Всем этим, по-видимому, различным явлениям есть одно название: пристрастие. Избавиться от пристрастия трудно, иной раз почти невозможно.

Но до сих пор Энни не понимала, что испытывает то же самое. Ее гложет болезненное влечение к Вану. С одним лишь отличием. Можно бросить пить или курить, можно отказаться от пирожных и снотворных. Даже от наркомании можно – хотя и очень нелегко – вылечиться самостоятельно. Самая жестокая «ломка» рано или поздно кончается. Надо просто перетерпеть. А у нее «ломка» продолжается уже пять лет, и конца не видно.

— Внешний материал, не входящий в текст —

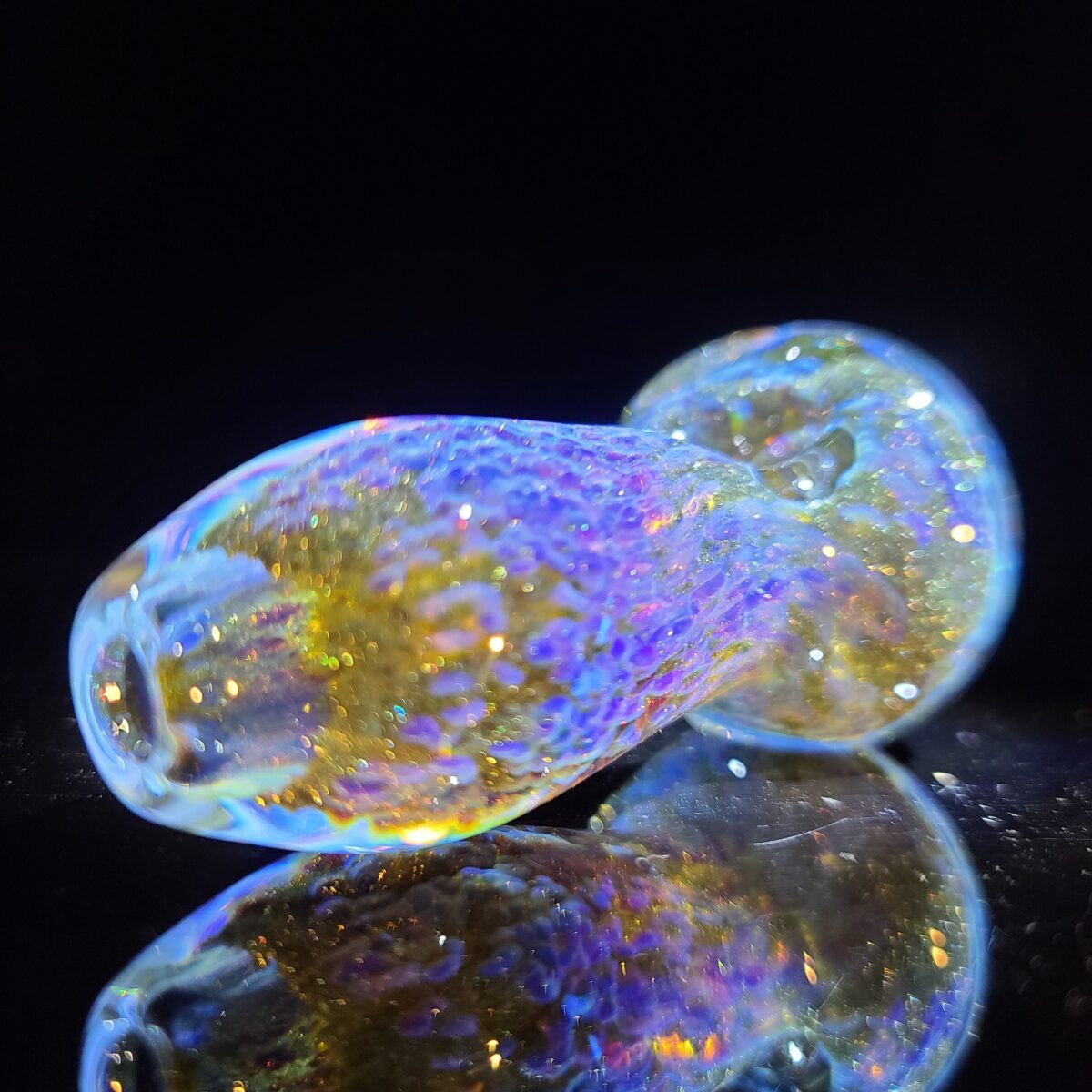This frit spoon is a thick glass pipe with my exclusive fuzzy purple clouds, a splash of glittery green moss, and is small enough to slip into a pocket! It is a color changer, so the more you use it, the cooler it will look. Its colors are going to change into a bright purple with electric blues!

Поцелуй в беседке произвел на Энни то же действие, что ломтик шоколада на голодающего или одна затяжка – на бывшего курильщика. В душе и теле ее мгновенно проснулось жгучее желание. Энни не знала, действительно ли он собирается затащить ее в постель. Знала одно: если это правда, она не сможет ему отказать. Она всегда принадлежала Вану. И будет принадлежать ему вечно.

Ей не верилось, что Ван до сих пор к ней неравнодушен. Но если он из жажды мести или из желания ее наказать захочет провести с ней ночь всего одну ночь, – она не сможет сказать «нет». А если и скажет, то не сдержит слова. Разумеется, она не собирается сдаваться без боя. Но капитуляция неизбежна – это так же ясно, как то, что солнце встает на востоке и заходит на западе.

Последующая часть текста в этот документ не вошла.